Green Forms is his perspective upon the comedy of killing time, as two dilatory office workers find their cushy number jeopardised by the imminent arrival of a sinister corporate efficiency apparatchik. The mysterious Dorothy Binns, who never appears, is a lineal descendant of Godot; the two dogsbodies who pop in occasionally are the office-ancillary equivalent of Pozzo and Lucky; the Beckett parallel extends even to co-protagonist Doris (Paola Dionisotti) having problems with her footwear. But this remains Bennett territory, with its departmental feuds over equipment requisitions and casual remarks such as "I suppose, being from the sixth floor, he lifted the seat."

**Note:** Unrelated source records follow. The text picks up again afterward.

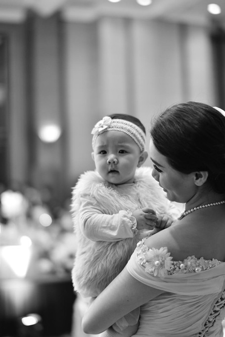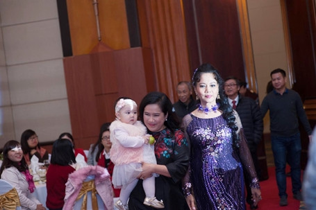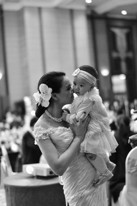 Khác với đám cưới của ba mẹ tại TP HCM, cô bé đã dạn dĩ hơn, không còn khóc nhè khi thấy đông người. Trong ảnh bé được mẹ Trang Nhung cưng nựng.
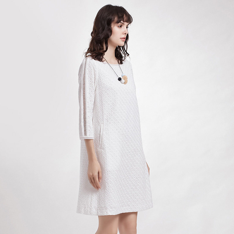 【清仓】名师路极简主义白色连衣裙春装女长袖镂空宽松套头一步裙
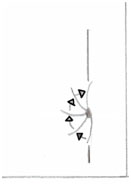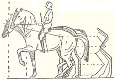 - het zwaartepunt van de ruiter (welke zich onder in de buik bevindt) wordt naar achteren richting het binnenachterbeen gebracht (zwarte pijl).

Dionisotti has Doris's character down pat: in contrast to a home life chained, as it were, to her mother's artificial hip (has Bennett ever written a character with the full complement of parents?), she queens it with quiet assurance over her office colleague Doreen – Susan Wooldridge, a little too animated in her trivial chattering.

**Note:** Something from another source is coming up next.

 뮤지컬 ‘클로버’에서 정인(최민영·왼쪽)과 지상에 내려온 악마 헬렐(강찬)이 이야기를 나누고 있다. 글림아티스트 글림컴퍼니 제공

Wooldridge is more in control in the second piece, A Visit From Miss Prothero. Her Miss P is secure behind her severe spectacles and crocheted hat, doling out tedious office chit-chat to the recently retired Mr Dodsworth (Timothy Bateson, a Bennett natural), but saving her rocket until the end: office computerisation has swept away what was to be his lasting monument, a logical flow system for processing paperwork. So deftly is Dodsworth transformed from a likeable curmudgeon into a figure of pity that a number of "Aah"s can be heard from the audience.

Both plays gently make the point that "efficiency" must be measured in terms of human satisfaction rather than by the number-crunching ogres of the Newport Pagnell office. Staged today, they evince a bittersweet nostalgia for an age when computers were exotic beasts and trades unions could be amusing instead of simply risible, when bureaucracy at least had a human face and human foibles. Jennie Darnell's production lets this conviction permeate through to us at its own pace, not so much wagging a finger as tentatively gesturing with a Rich Tea biscuit.

Written for the Financial Times.

Copyright © Ian Shuttleworth; all rights reserved.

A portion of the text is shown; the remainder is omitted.